AR/VR use is expanding away from simply gaming to corporate training, manufacturing, marketing and other traditional business segments. Security frameworks and technology controls are very lax in the AR/VR space to date, so these technologies will present tremendous risk to enterprises depending on when and how they are adopted.
Honorable mentions include penetration testing knowledge (to think like a hacker and more completely understand how technology used in the enterprise can be exploited) and software development skills to help automate parts of the audit process.
What risk scenario keeps you awake at night? How can it be addressed?
(Laughs.) I never let work keep me up at night and neither should anyone else! On a more serious and broad note, those potential security breaches that force the enterprise to close the doors and go out of business are worrisome. Obviously, those are usually the result of poor security controls and internal processes. Fortunately, we as audit and risk professionals are tasked with identifying and remediating these issues before they impact the enterprise.

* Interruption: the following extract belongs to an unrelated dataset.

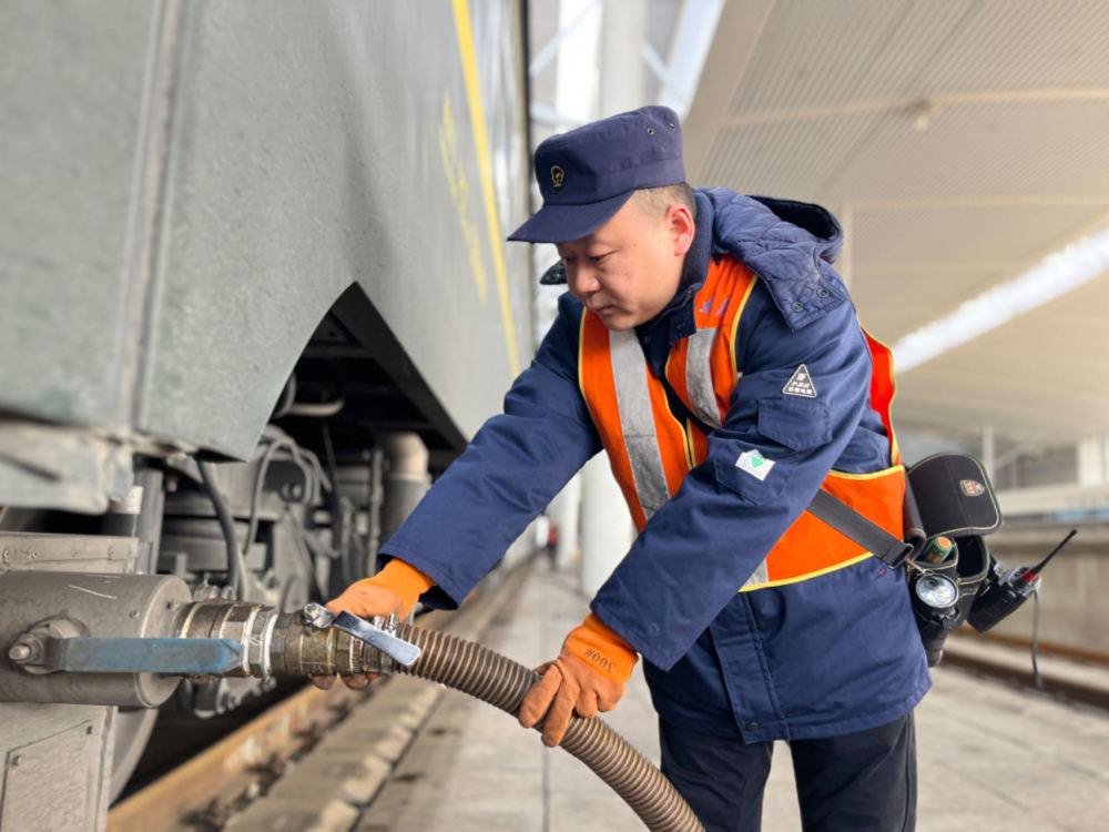 作為山西境內(nèi)唯一的通過車吸污作業(yè)點,太原南站吸污作業(yè)點全年無休,承擔(dān)著通過太原南站的普速、動車、高鐵的吸污作業(yè)。春運期間,吸污工作量加大,除去臨時加增的吸污作業(yè)任務(wù),每天從早上7點至夜間12點,固定有14輛列車需要進行吸污作業(yè)。

What do you think are the most effective ways to address the skills and gender gaps in the technology workspace?
Audit and risk professionals on a personal level need to be a lot more self-motivated to seek out and broaden their skill sets. Employers should also help them get there with incentives such as predetermined merit increases for obtaining relevant certifications and time off during the work week or during elective periods to pursue professional education.
I think there needs to be more oversight of those offering certification and training as well. I have been obtaining certifications since 2009 across many exams and vendors. I can tell you, based on experience, that their approaches are generally all the same. As of 2019, certification is this “Wild West” scenario with IT certification training. Prices for study materials and the exam costs vary widely from vendor to vendor, and some certification training programs teach students to remember facts without providing any performance-based component that helps the student to develop needed technology or risk skills.
Regarding the technology gender gap, the question presupposes that there is a problem that needs to be addressed and corrected. I would say this is potentially misleading. The causes for men vs. women working in technology are debatable, but my thoughts here are that individuals, whether man or woman, naturally gravitate toward professions in which they initially have some interest. I suppose I do not understand the need to manufacture this interest in women to get them working in technology if the desire does not exist there naturally. The desire to dabble in technology could be explored and cultivated by parents, schools and/or after school programs that introduce technology to young women in a way that would make them more comfortable.
What was the most significant event or experience to date that has impacted the evolution of your career?
The more than four years I spent at GE Healthcare as an incident manager were the most profound in my career. That experience allowed me to understand IT operations, taught me patience, helped me develop deep technical analysis skills, strengthened my technical writing for non-technical audiences, and helped me develop the ability to thrive in high-pressure situations. It was the catalyst for every success that has followed for me since then.